■ **Given data**
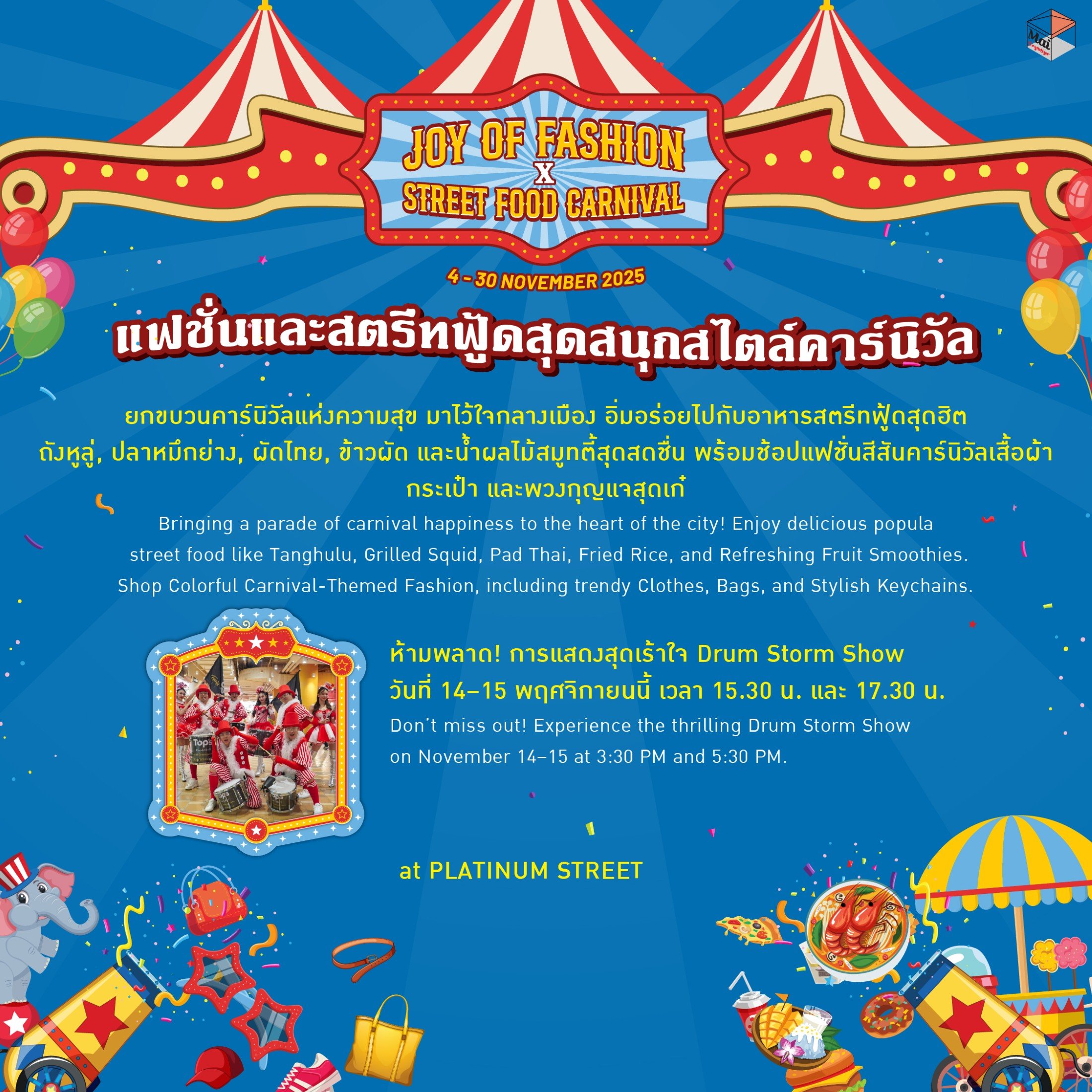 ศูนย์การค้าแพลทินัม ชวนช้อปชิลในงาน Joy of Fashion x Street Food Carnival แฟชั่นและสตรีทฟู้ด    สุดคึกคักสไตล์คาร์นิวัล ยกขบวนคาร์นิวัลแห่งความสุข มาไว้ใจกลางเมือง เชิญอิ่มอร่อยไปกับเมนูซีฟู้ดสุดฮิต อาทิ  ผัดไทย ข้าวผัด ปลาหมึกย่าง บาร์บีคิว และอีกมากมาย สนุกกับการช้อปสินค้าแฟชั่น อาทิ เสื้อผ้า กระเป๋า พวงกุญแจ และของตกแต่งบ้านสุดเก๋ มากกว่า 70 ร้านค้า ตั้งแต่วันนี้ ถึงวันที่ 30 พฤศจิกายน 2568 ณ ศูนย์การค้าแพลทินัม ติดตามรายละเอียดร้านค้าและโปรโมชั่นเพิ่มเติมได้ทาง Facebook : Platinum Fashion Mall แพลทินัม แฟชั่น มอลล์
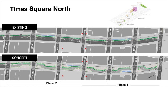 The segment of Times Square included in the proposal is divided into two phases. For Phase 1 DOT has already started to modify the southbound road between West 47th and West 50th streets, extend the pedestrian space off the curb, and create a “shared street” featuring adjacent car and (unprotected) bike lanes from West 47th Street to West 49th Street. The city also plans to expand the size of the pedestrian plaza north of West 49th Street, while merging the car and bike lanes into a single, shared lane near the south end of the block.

---

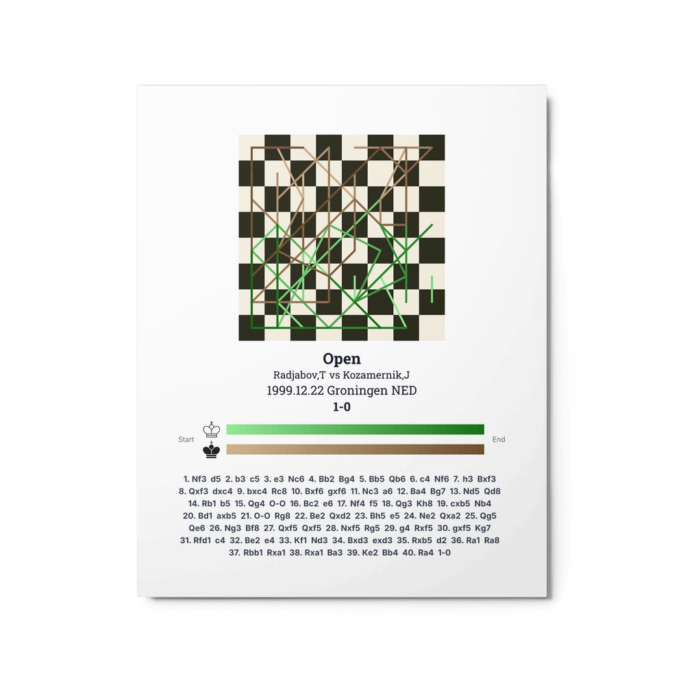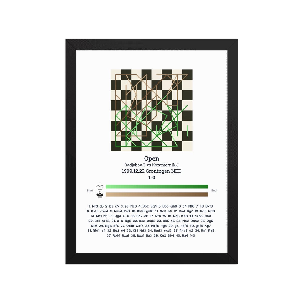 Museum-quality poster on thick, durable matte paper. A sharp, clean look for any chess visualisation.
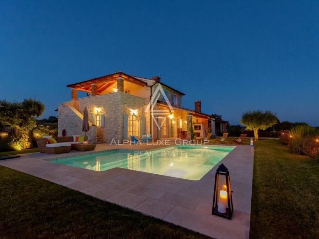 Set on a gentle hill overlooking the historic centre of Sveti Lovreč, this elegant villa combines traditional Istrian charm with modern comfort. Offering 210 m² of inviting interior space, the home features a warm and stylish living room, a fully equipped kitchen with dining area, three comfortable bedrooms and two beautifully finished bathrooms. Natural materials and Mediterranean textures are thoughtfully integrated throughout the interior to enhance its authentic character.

--

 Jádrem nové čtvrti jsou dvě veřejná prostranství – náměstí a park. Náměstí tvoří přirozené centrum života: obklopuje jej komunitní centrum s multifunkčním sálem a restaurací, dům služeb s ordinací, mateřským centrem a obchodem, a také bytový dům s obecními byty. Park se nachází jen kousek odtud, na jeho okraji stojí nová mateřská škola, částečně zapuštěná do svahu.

■ **Assigned task**
The lines to set down run from the line with "ศูนย์การค้าแพลทินัม ชวนช้อปชิลในงาน Joy" up to and including the line with "The segment of" in the entries above. Reproduce them exactly, with no pictures.

■ **Result**
 ศูนย์การค้าแพลทินัม ชวนช้อปชิลในงาน Joy of Fashion x Street Food Carnival แฟชั่นและสตรีทฟู้ด    สุดคึกคักสไตล์คาร์นิวัล ยกขบวนคาร์นิวัลแห่งความสุข มาไว้ใจกลางเมือง เชิญอิ่มอร่อยไปกับเมนูซีฟู้ดสุดฮิต อาทิ  ผัดไทย ข้าวผัด ปลาหมึกย่าง บาร์บีคิว และอีกมากมาย สนุกกับการช้อปสินค้าแฟชั่น อาทิ เสื้อผ้า กระเป๋า พวงกุญแจ และของตกแต่งบ้านสุดเก๋ มากกว่า 70 ร้านค้า ตั้งแต่วันนี้ ถึงวันที่ 30 พฤศจิกายน 2568 ณ ศูนย์การค้าแพลทินัม ติดตามรายละเอียดร้านค้าและโปรโมชั่นเพิ่มเติมได้ทาง Facebook : Platinum Fashion Mall แพลทินัม แฟชั่น มอลล์
 The segment of Times Square included in the proposal is divided into two phases. For Phase 1 DOT has already started to modify the southbound road between West 47th and West 50th streets, extend the pedestrian space off the curb, and create a “shared street” featuring adjacent car and (unprotected) bike lanes from West 47th Street to West 49th Street. The city also plans to expand the size of the pedestrian plaza north of West 49th Street, while merging the car and bike lanes into a single, shared lane near the south end of the block.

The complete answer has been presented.